Thoughts and Reflections after attending: MOOCS – Which Way Now? ALT MOOC SIG Conference – 27 June 2014

After attending the MOOCS – Which Way Now? ALT MOOC SIG Conference on 27 June 2014 my mind was extra full of thoughts and new ideas.  There is a record of the day through my own Storify summary and original programme as well as blog posts such as Claire Sewell’s.

The reoccurring themes of the day were:

  • What are the drivers for institutions providing moocs?
    • Marketing
    • Reaching new learners
    • To interest and guide towards existing provision
    • To provide education to those who are not normally able to access paid for courses
  • How to develop existing MOOCS further / Impacts of MOOCS:
    • Expand upon a storytelling experience (Aidan Johnston)
    • To develop a network of practice, ideas and knowledge collaboratively (ICT in Schools): (Diana Laurillard).
      • This made me think could this be conceptualised as an educational being shared? 
    • How to enable personalised learning and grouping rather than a mass-conversation (Diana Laurillard)
      • Big data could be sharing of small-scale data
    • Need for moved from trying out online learning to thinking about pushing the barriers in pedagogy @amywoodgate (Amy Woodgate)
    • MOOCS could be Rhizomatic rather than linear (Frances Bell, Jenny Mackness / Dave Cormier)
    • Measuring MOOCS about life changes and not metrics (Curtis Bonk)
    • How to keep the momentum of a mooc going after it’s run (Pat Lockley)
  • Contexts of MOOCS
    • Universities emerged because people in cities wanted access to new technologies (eg books) says @fredgarnett. Are MOOCS disrupting this and offering an alternataive?  
    • Interest driven learning works says @fredgarnett they’ll follow their own interests and widen out. A guide ontheside not a sage.
  • Successes of MOOCS:
    • Good marketing for Universities and engaging the wider community
    • Actually enabling to reach educators across the globe –  @OpenUniversity course TESS India (Freda Wolfenden)
    •  (Matt Jenner)
    • How can you define MOOCS success – many ways(!)

      How to measure – cynical approach from Hellean Gillespea – can use all metrics to say they are successful – (Helena Gillespie) –  also read:  MOOC expectations and reality report.

  • Critical Views of MOOCS:
    • They are not solving the problem of distance education at scale  (Diana Laurillard)
    • Those accessing them already have ‘education’ / qualifications (Diana Laurillard)
    • Are MOOCS actually continuing  the 20th Centuary model of education? (Fred Granett)
    • I remember when MOOCs where all “we are going to teach the world”. Now it is “move into new markets” (Amy Woodgate)
    • Do we need a transporter so we can move content platforms? @amywoodgate issues with ‘not invented here syndrome?’ (James Little)
    • How to create MOOCS that are not all high-production values so that the average person can create them – moving past the spectacle of moocs and enabling MOOC-like courses to take place like existing distance learning cohorts (Elieen Kennedy)
    • less ‘swish’ video comes across as less corporate? Dilemma.. Would people think it’s amateurish if the ‘swishness’ was less? (James Little).
    • Drop out rate and moocs – trying to intervene: Sherif Halawa (Stanford).
      • My thoughts are that this might be trying to fix something which is actually inherently wrong with the way some moocs are implemented – not enough community and too self-directed?
    • Too much focus on moocs and money – it’s not about that (Matt Jenner) – see benefits above under successes of moocs.

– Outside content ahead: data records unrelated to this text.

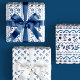 This elegant wrapping paper set features folk inspired watercolor illustrations in cobalt blue over a white background.
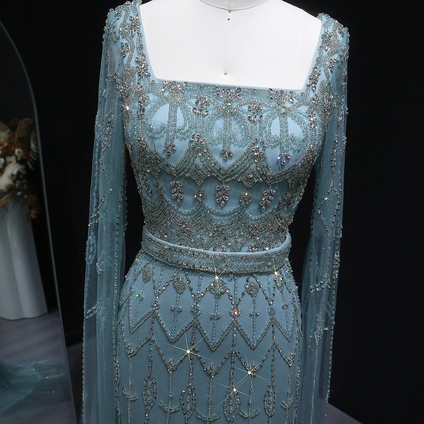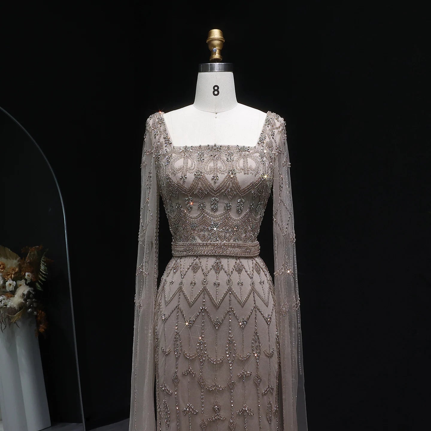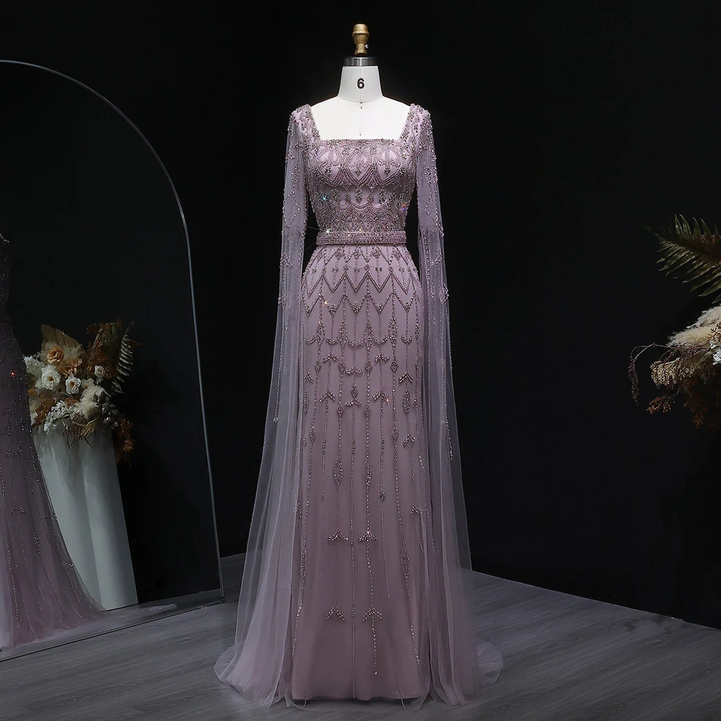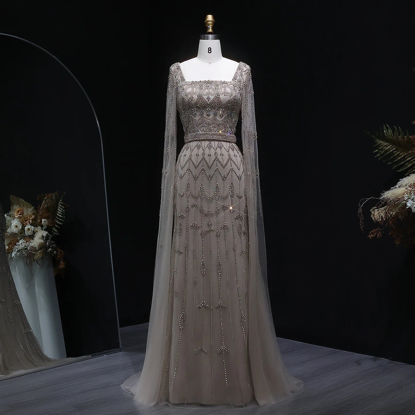 Elegant Beaded Evening Dress with Flowing Cape Sleeves SS089
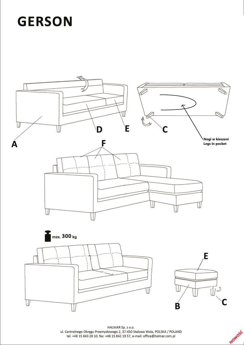 Kanapa wypoczynkowa Gerson z podnóżkiem to idealne rozwiązanie dla osób, które szukają harmonii między estetyką a wygodą. Dzięki niej stworzysz przytulny kącik wypoczynkowy, który stanie się ulubionym miejscem domowników i gości. Wybierz sofę Gerson, aby wprowadzić do swojego domu elegancję, funkcjonalność i niezrównany komfort!
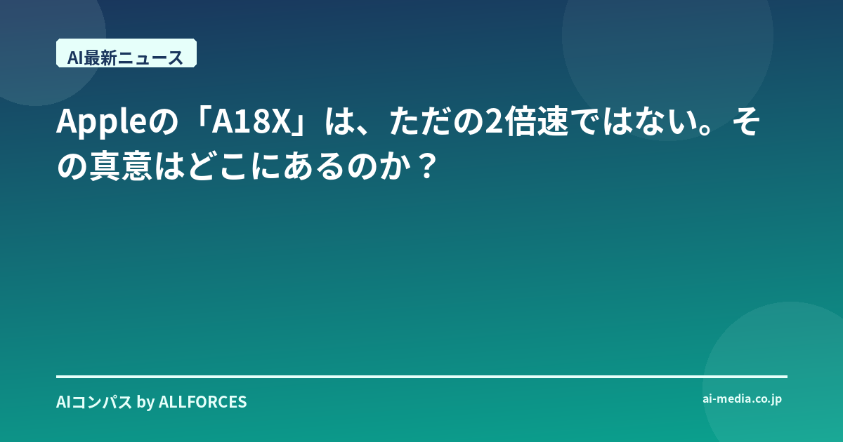 Appleの「A18X」は、ただの2倍速ではない。その真意はどこにあるのか? 正直なところ、最初に「Apple、AIチップ『A18X』投入、生成AI処理速度2倍」というニュースを見たとき、私は少し斜に構えてしまったんだ。また「〇〇が2倍!」という、マーケティング的な謳い文句かな、とね。だって、この業界を20年も見ていれば、そういう派手な数字の裏に、ちょっとしたトリックが隠されていることなんてザラにあるからね。でも、Appleが本気で「X」の冠をつけたAIチップを投入するという話には、ただ事ではない何かを感じたんだ。あなたも、そう感じませんでしたか? 私がまだ
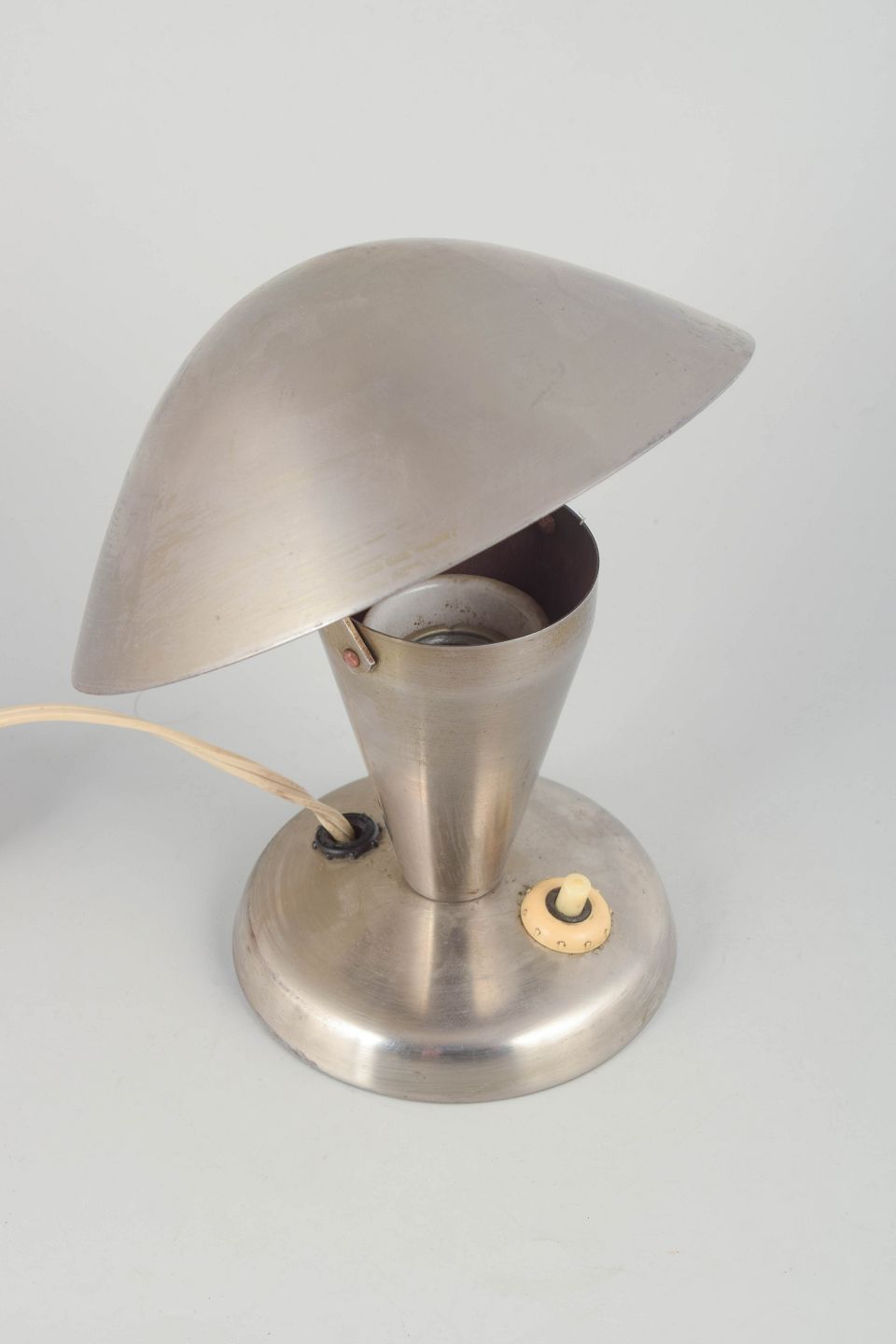 Tidlig modernistisk bordlampe i børstet stål med svampeformet skærm og konisk fod. Et karakteristisk eksempel på tjekkisk funktionalistisk belysningsdesign fra mellemkrigstiden, hvor rene linjer og industrielle materialer dominerede.

So, after attending a conference and seeing all the themes and different and complementary views come out it’s time to make sense of them in a purposeful way – i.e. feed them into my current dissertation work on MOOCS.

Originally, last year I had wanted to focus on the pedagogy of MOOCS – but I think that analysis and comment around this (and critical voices around lack of applying existing distance learning pedagogy to MOOC activity) has already started to be covered in the literature.

What I see now is a need to understand how and why have been implemented at different institutions and for whom.

Further thoughts to come… (some of this is being worked on behind closed doors for the moment)…  but I hope to share more soon.